$7M Virginia Lottery Winner Bought Ticket Store Customer Didn't Want

Someone out there must be kicking themselves.

An employee at a grocery store in Falls Church, Virginia, hadn't meant to buy a Cash4Life ticket -- but he won $7 million after a customer didn't want it.

Michael Donnelly of Woodbridge was ringing up Powerball tickets for customers at the Harris Teeter store in Columbia Pike when he accidentally hit a wrong button, Virginia Lottery officials said. Instead of generating a Powerball ticket, he accidentally generated a Cash4Life ticket.

The customer didn't want it, so Donnelly ended up buying the ticket himself.

That mistake made him a big winner.

Donnelly's ticket matched all six numbers in the Cash4Life drawing Jan. 7, lottery officials said.
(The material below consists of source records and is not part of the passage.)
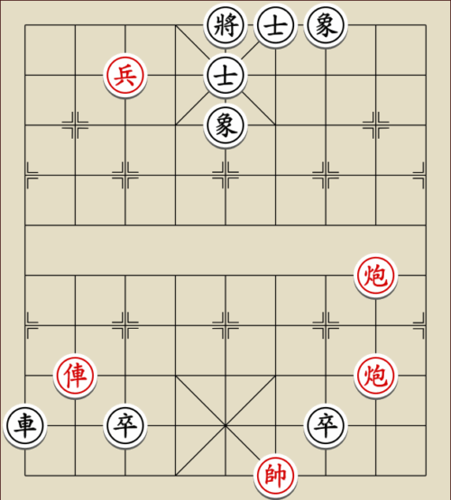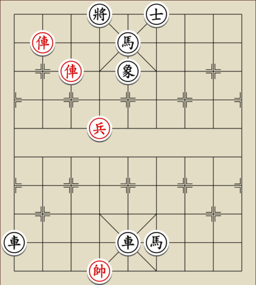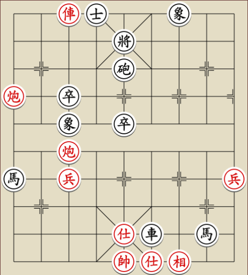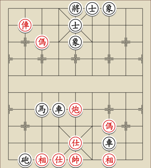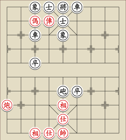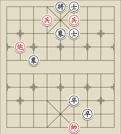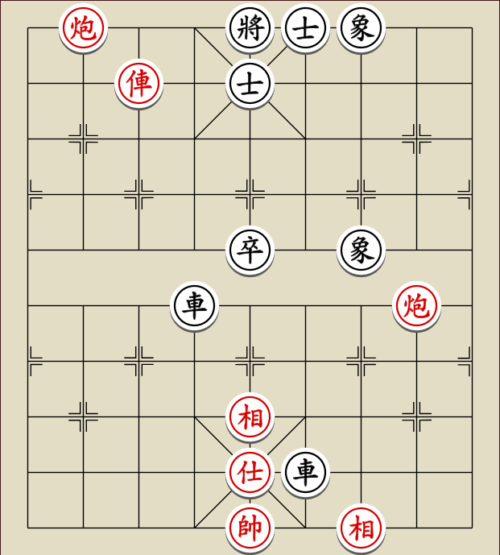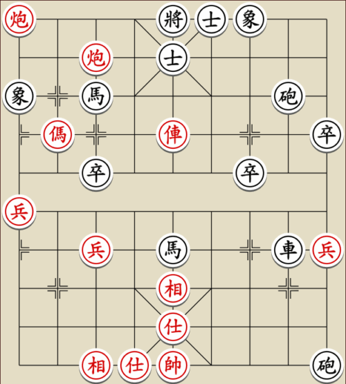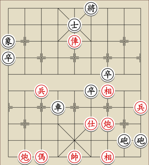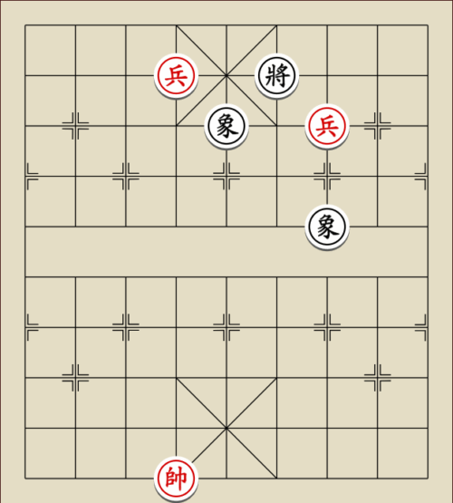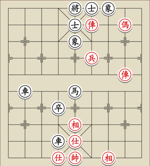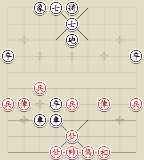 (23) 1.C9+7+ H3-1 2.E7+9 R5=1 3.E5-7 Wagen und Pferd sind festgelegt. Rot gewinnt mit drei Soldaten gegen zwei Leibwächter.
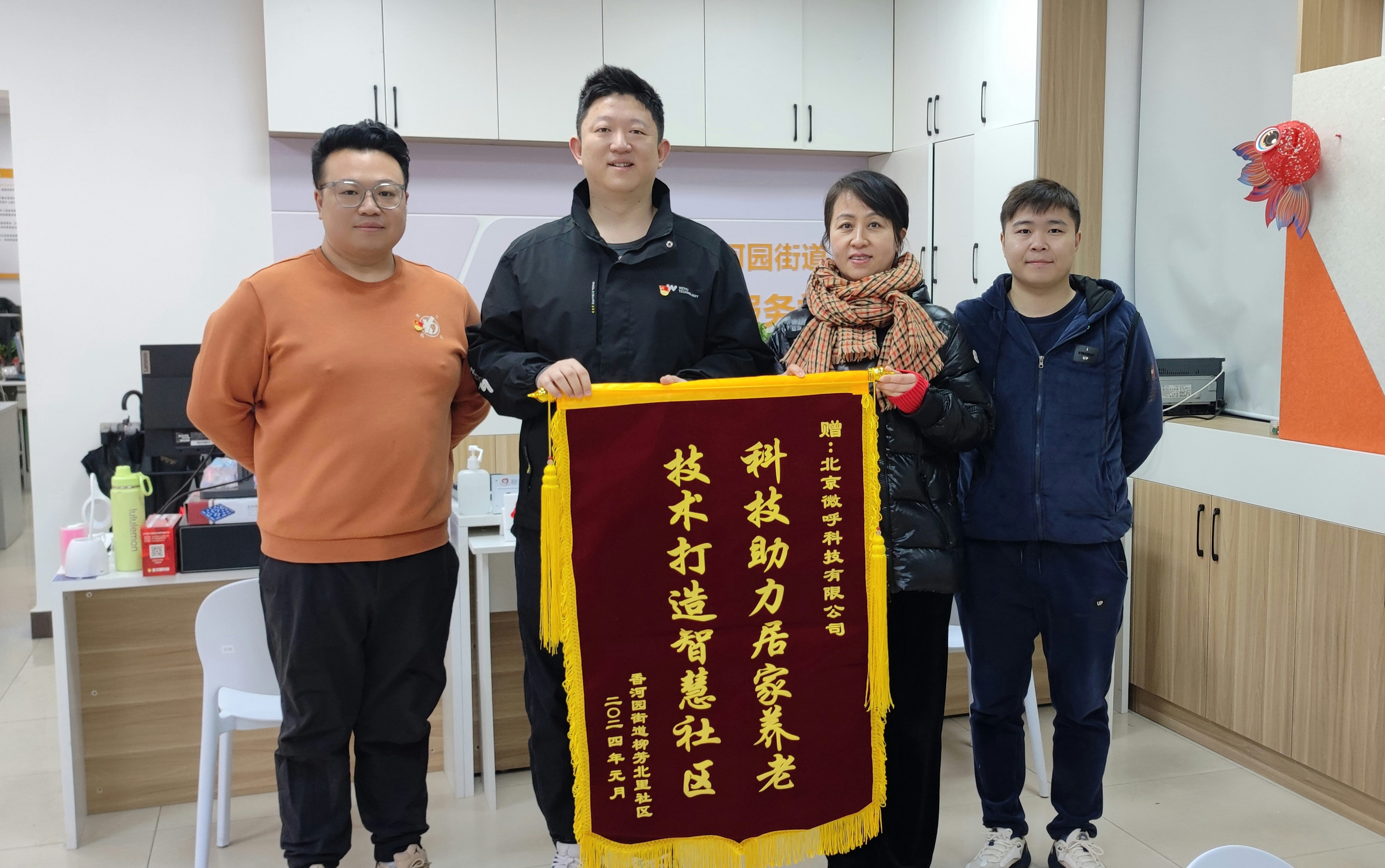 近日,北京微呼科技有限公司(以下简称“微呼科技”)收到柳北社区赠送的锦旗,并对微呼科技在柳北社区实施的智能化养老、助老服务试点,所做出的突出贡献给予高度评价。
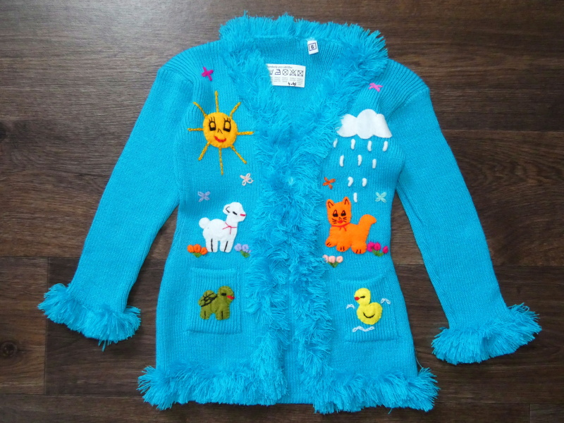 Nádherné svetry s krásnou výšivkou pro malé parádnice:-) Zapínání na knoflíček, kapsy.

He had the option to accept $1,000 per day for the rest of his life or take a one-time payout of $7 million before taxes. He chose the cash, and on Friday, he posed with his big check.

"It still hasn't hit me yet," he told lottery officials.

Donnelly didn't know right away he had won. He checked the ticket days after the drawing when a store customer said she had heard a winning ticket had been sold at the store. He checked the numbers and called his wife.

“If that’s true, you have to come home because I’m about to have a heart attack!” she replied, lottery officials said.

Donnelly is Virginia's first top-prize winner in the Cash4Life game, which is played in six states. The odds of winning the top prize are 1 in 21.8 million.